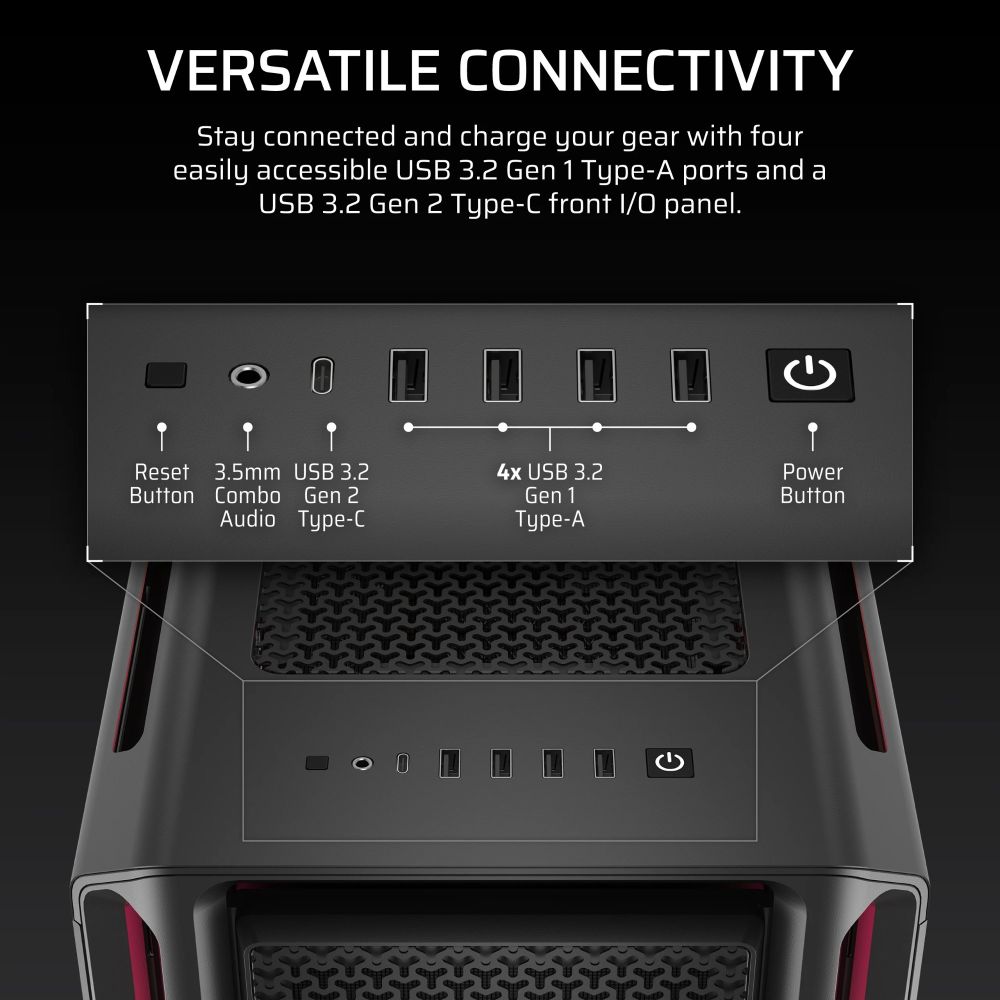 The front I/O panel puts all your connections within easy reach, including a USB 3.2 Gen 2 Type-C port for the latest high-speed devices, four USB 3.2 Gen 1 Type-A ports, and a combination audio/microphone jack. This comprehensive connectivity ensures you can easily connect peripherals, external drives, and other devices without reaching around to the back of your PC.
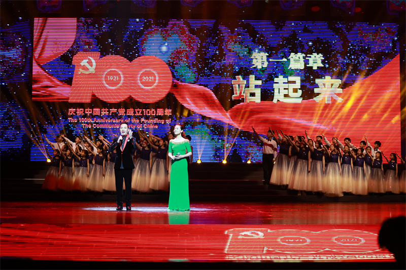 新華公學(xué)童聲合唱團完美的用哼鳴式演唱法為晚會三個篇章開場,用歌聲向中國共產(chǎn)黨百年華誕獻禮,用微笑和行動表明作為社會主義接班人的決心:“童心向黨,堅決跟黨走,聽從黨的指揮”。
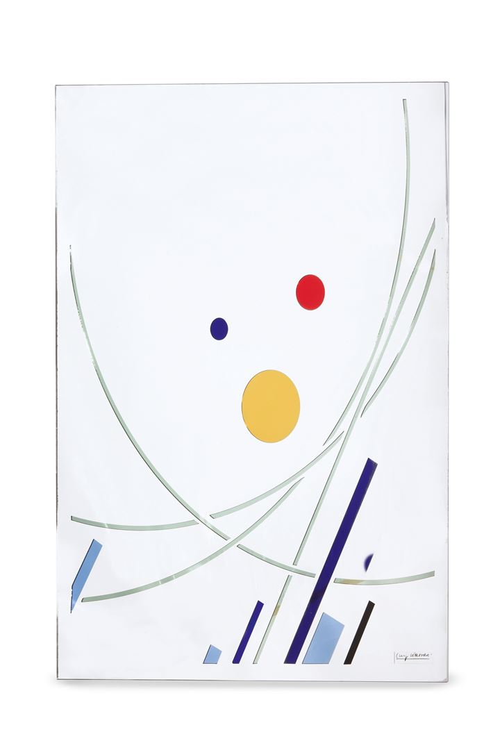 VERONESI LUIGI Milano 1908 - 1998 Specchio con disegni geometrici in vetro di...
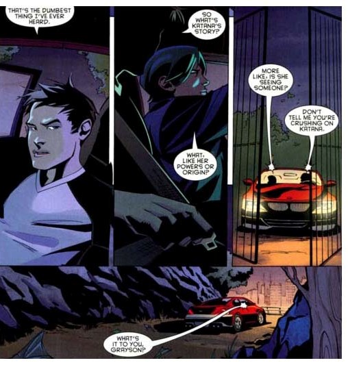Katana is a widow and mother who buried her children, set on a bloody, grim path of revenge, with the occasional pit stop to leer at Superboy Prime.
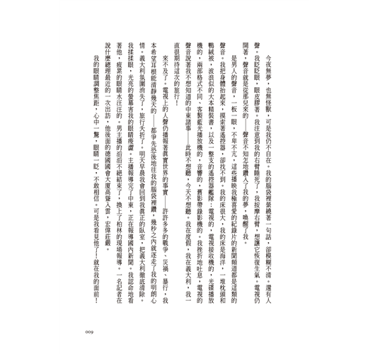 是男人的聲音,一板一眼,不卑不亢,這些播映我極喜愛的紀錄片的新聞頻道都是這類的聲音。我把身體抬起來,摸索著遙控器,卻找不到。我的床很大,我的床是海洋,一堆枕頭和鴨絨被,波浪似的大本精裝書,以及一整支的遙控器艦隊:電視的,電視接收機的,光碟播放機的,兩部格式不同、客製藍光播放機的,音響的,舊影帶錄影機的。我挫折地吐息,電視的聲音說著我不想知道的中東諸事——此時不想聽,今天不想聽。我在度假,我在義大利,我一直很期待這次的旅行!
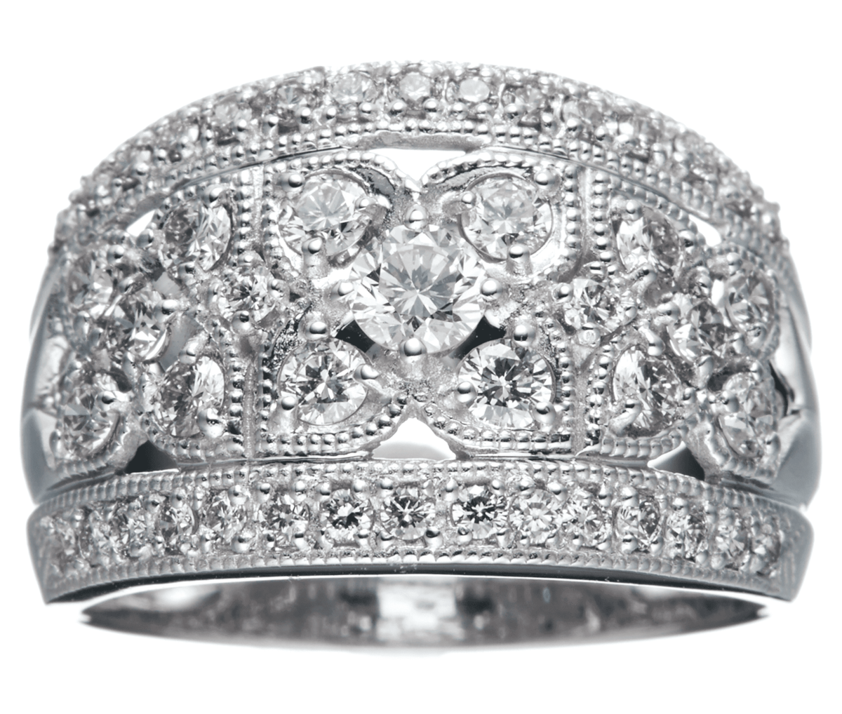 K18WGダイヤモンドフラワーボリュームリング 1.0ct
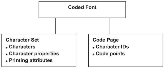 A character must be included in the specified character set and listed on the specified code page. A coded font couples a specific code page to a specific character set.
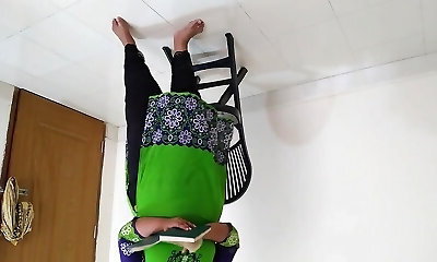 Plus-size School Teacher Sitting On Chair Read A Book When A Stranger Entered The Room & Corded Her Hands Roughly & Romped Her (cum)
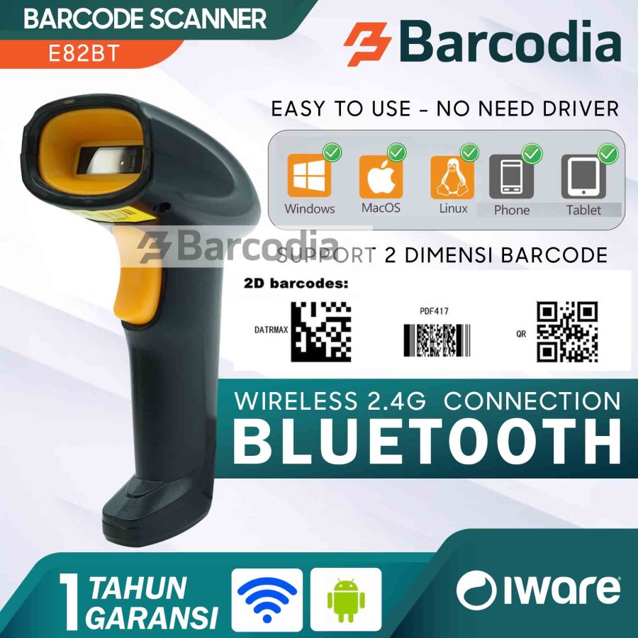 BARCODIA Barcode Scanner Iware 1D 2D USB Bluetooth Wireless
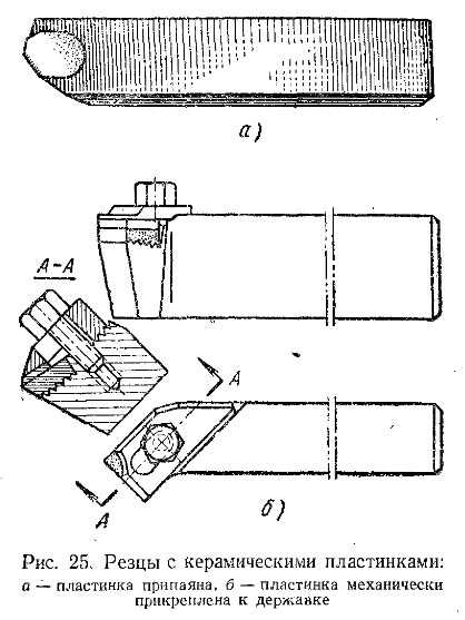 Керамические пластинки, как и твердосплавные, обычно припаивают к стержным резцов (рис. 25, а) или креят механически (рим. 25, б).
___
* EXERCISE GOAL *
In the listing above, find the line with "新華公學(xué)童聲合唱團" and the line with "Katana is a". Output both, plus every line between them, and no pictures.

* OUTPUT FOR THIS TASK *
 新華公學(xué)童聲合唱團完美的用哼鳴式演唱法為晚會三個篇章開場,用歌聲向中國共產(chǎn)黨百年華誕獻禮,用微笑和行動表明作為社會主義接班人的決心:“童心向黨,堅決跟黨走,聽從黨的指揮”。
 VERONESI LUIGI Milano 1908 - 1998 Specchio con disegni geometrici in vetro di...
Katana is a widow and mother who buried her children, set on a bloody, grim path of revenge, with the occasional pit stop to leer at Superboy Prime.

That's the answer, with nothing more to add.